(Saved data entries)
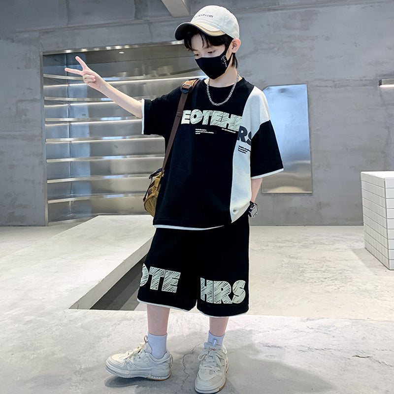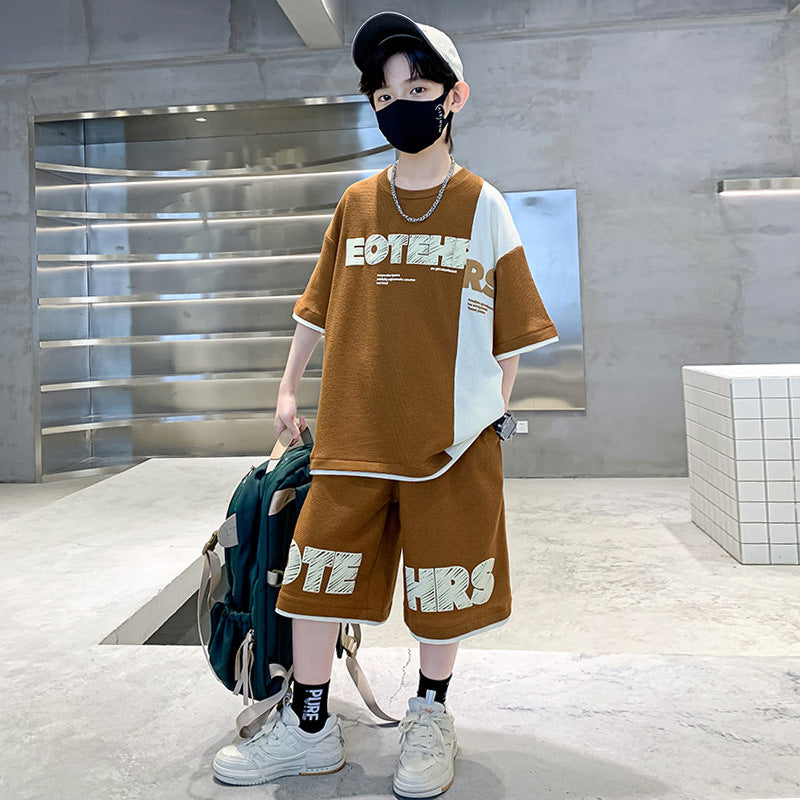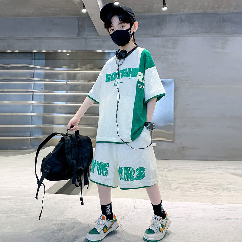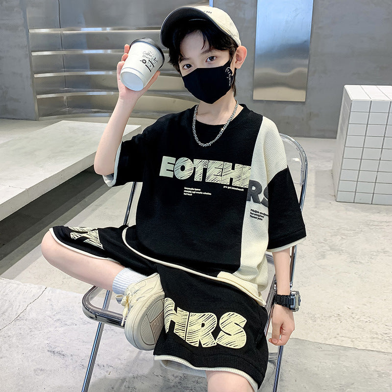 FC24040716男童夏裝短袖套裝2024新款洋氣中大童男孩夏季洋氣華夫格裁剪童裝(9-12天到貨)
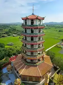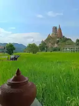 Scenic Views: Upon reaching the top of the temple, visitors are treated to a stunning panoramic view of the vast green rice fields and the Mae Klong River. Especially during the rice harvest, the golden hue contrasts with the temple's vibrant colors.
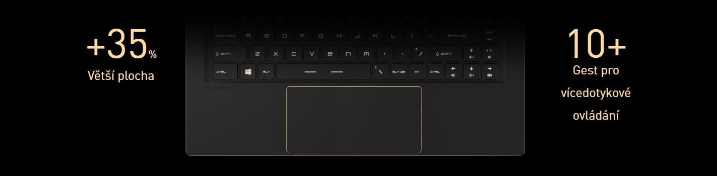 Prémiový skleněný touchpad má mimořádně hladký povrch a podporuje vícedotykové ovládání.
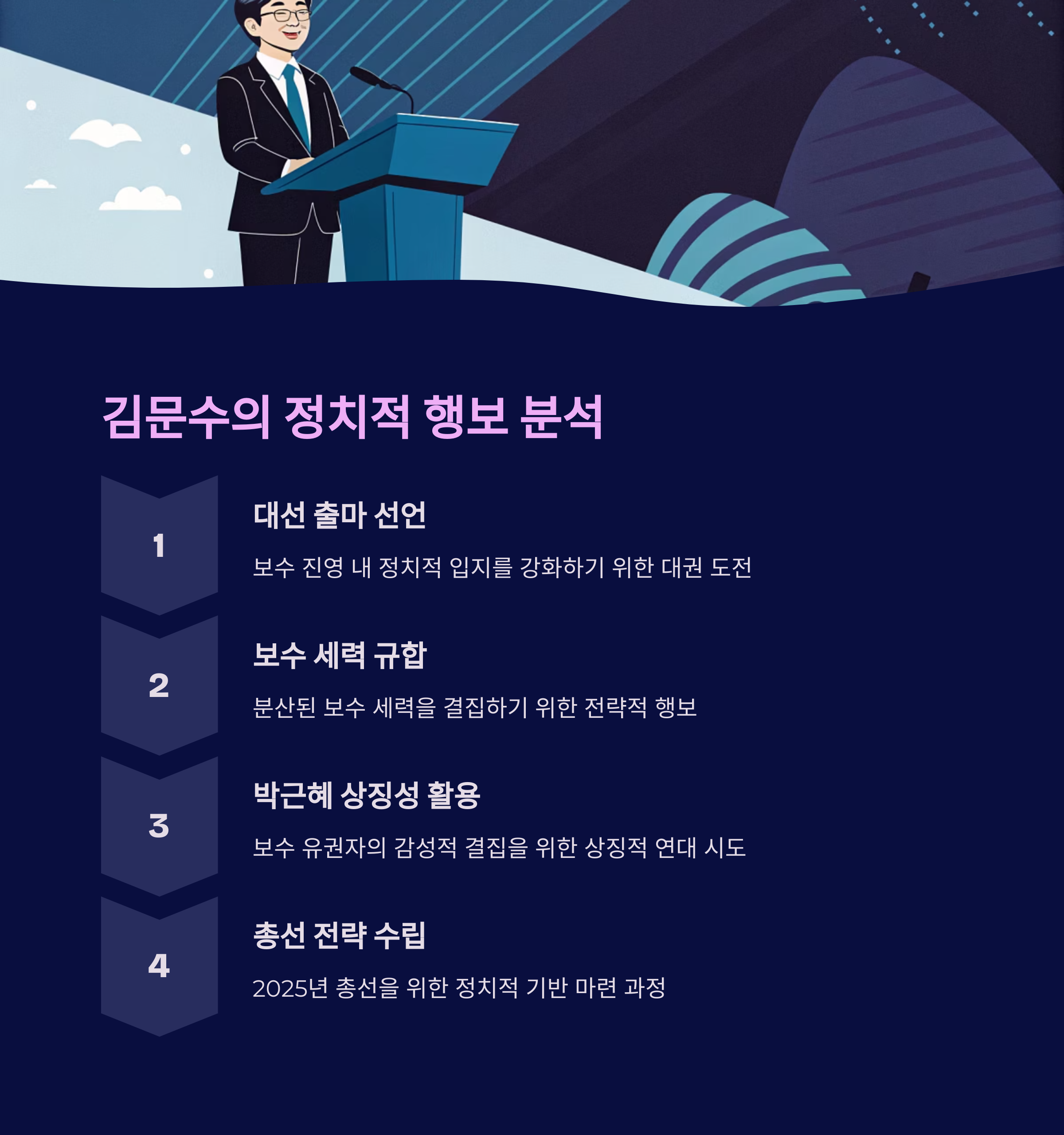 박 전 대통령의 침묵이 오히려 그 상징성을 강화시키고 있으며, 김 전 지사의 발언이나 행보는 이를 적극적으로 활용하려는 전략이 엿보입니다. 이와 같은 행보는 보수 진영 내 계파 재편성뿐 아니라, 유권자 결집 전략, 대선 구도 형성 등 여러 정치적 지점에 변수를 던지고 있습니다. 향후 윤석열 정부와의 관계, 친윤 vs 친박 구도의 전개 방향에 따라 김문수의 정치적 입지도 달라질 것입니다.
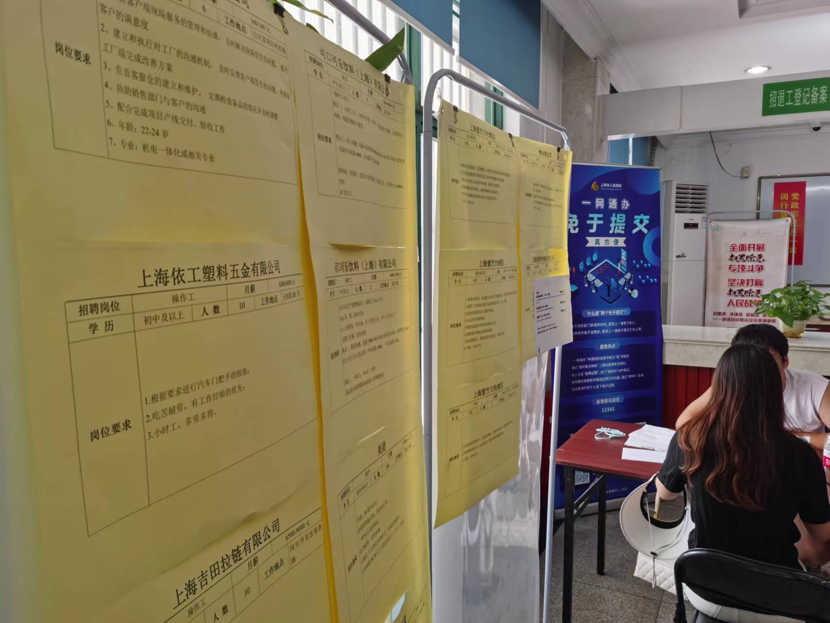 瑞丽路60号,一块“闵行区零工市场”的招牌显得特别显眼。7月26日,这里正在举办一场专场招聘会,9家企业带来了大量零工岗位,其中绝大多数对学历和工作经验都没有要求。
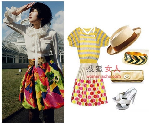時尚解析:簡單的純色背心搭配圖案繁復(fù)的花朵傘擺裙,將腰部收緊讓裙擺蓬開,塑造優(yōu)雅復(fù)古的淑女輪廓。
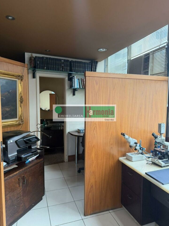 Atualmente o espaço está dividido em 5 salas, conta com 3 banheiros, copa e 3 vagas de garagem.
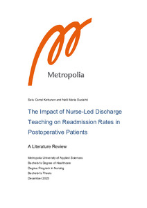 This literature review was executed as a final thesis for the Degree Program in Nursing at Metropolia University of Applied Sciences, Helsinki. Results from the data analysis revealed several nurse-led discharge teaching methods, including follow-up-based, technological, multi-modal, structured, and individualized. The influence of these was demonstrated as reduced or increased readmissions, other positive effects, other negative effects, or no effect. The results indicate that nurse-led discharge education has the potential to reduce readmissions and improve post-operative patient outcomes. The effects of nurse-led discharge teaching varied according to the method; however, the majority led to a reduction in readmissions as well as other positive effects such as enhanced patient readiness, improved communication, and enhanced continuity of care. Although a few interventions showed no significant impact and one resulted in increased readmissions under specific conditions, results suggest that the types of nurse-led discharge education applied in the studies can be considered a valuable tool for supporting patients in the early post-discharge period.
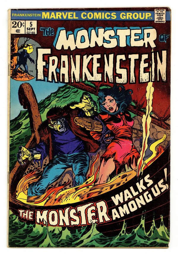 The monster rescues and befriends a beautiful woman in "The Monster Walks Among Us!" Script by Gary Friedrich, pencils by Mike Ploog, inks by John Verpoorten. Ploog cover. Cover price $0.20.
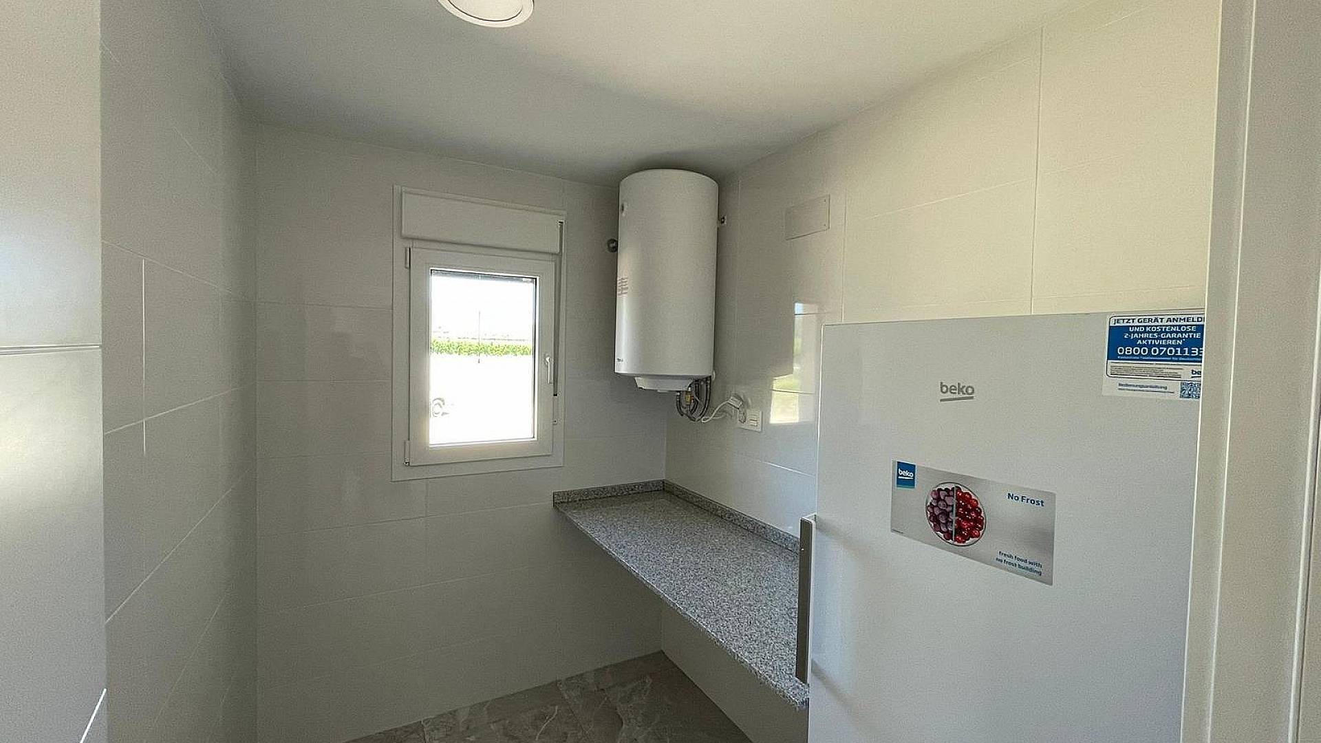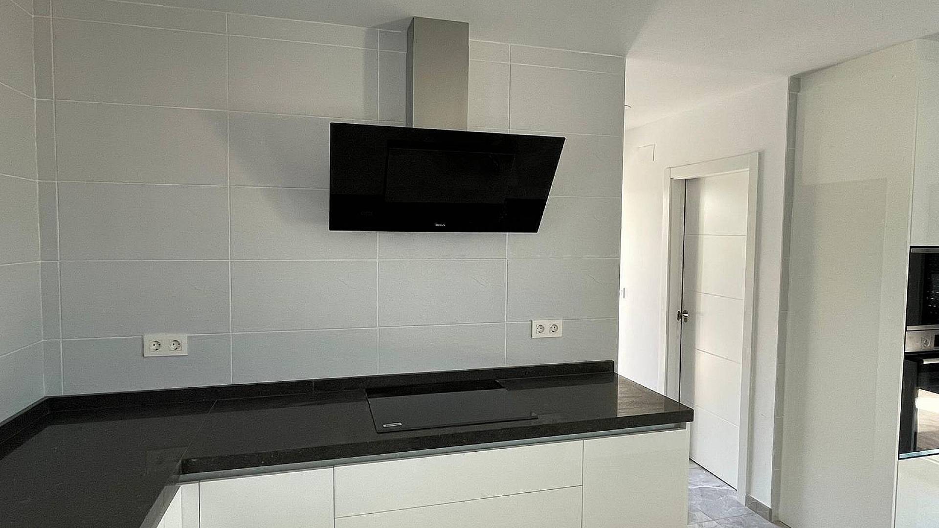 Las cocinas incluyen armarios con puertas y tiradores estándar, según planos, fregadero y grifería de acero inoxidable, preinstalación de horno, lavavajillas, extractor y varias encimeras de granito a elegir, incluidas en el presupuesto (otras encimeras de piedra disponibles con coste adicional). Electrodomésticos no incluidos.
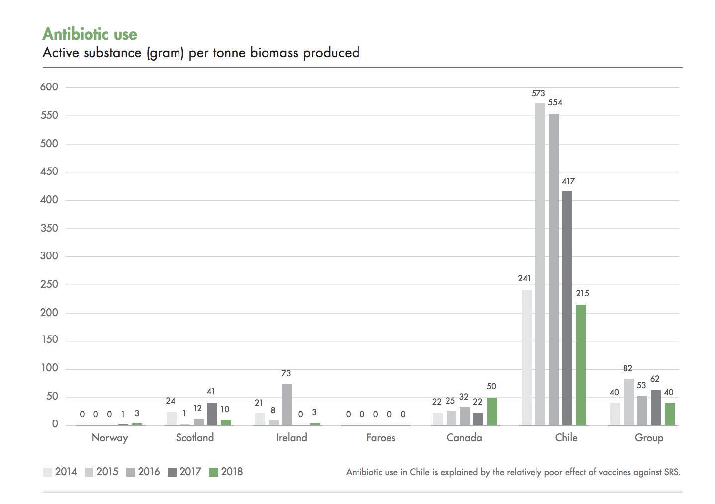 El salmón del atlántico que se produce en Chile utiliza una enorme cantidad de antibióticos comparado con el que se produce en otras partes del mundo como Canadá, Escocia y la misma Noruega, como se ve a continuación en un reporte de Mowi en que se grafica la situación.

» WORK ORDER: Only one stretch of the data is wanted: write out exactly the lines from the one holding "Scenic Views: Upon" through the one holding "Atualmente o espaço", both included, without the pictures.

» TASK SOLUTION:
 Scenic Views: Upon reaching the top of the temple, visitors are treated to a stunning panoramic view of the vast green rice fields and the Mae Klong River. Especially during the rice harvest, the golden hue contrasts with the temple's vibrant colors.
 Prémiový skleněný touchpad má mimořádně hladký povrch a podporuje vícedotykové ovládání.
 박 전 대통령의 침묵이 오히려 그 상징성을 강화시키고 있으며, 김 전 지사의 발언이나 행보는 이를 적극적으로 활용하려는 전략이 엿보입니다. 이와 같은 행보는 보수 진영 내 계파 재편성뿐 아니라, 유권자 결집 전략, 대선 구도 형성 등 여러 정치적 지점에 변수를 던지고 있습니다. 향후 윤석열 정부와의 관계, 친윤 vs 친박 구도의 전개 방향에 따라 김문수의 정치적 입지도 달라질 것입니다.
 瑞丽路60号,一块“闵行区零工市场”的招牌显得特别显眼。7月26日,这里正在举办一场专场招聘会,9家企业带来了大量零工岗位,其中绝大多数对学历和工作经验都没有要求。
時尚解析:簡單的純色背心搭配圖案繁復(fù)的花朵傘擺裙,將腰部收緊讓裙擺蓬開,塑造優(yōu)雅復(fù)古的淑女輪廓。
 Atualmente o espaço está dividido em 5 salas, conta com 3 banheiros, copa e 3 vagas de garagem.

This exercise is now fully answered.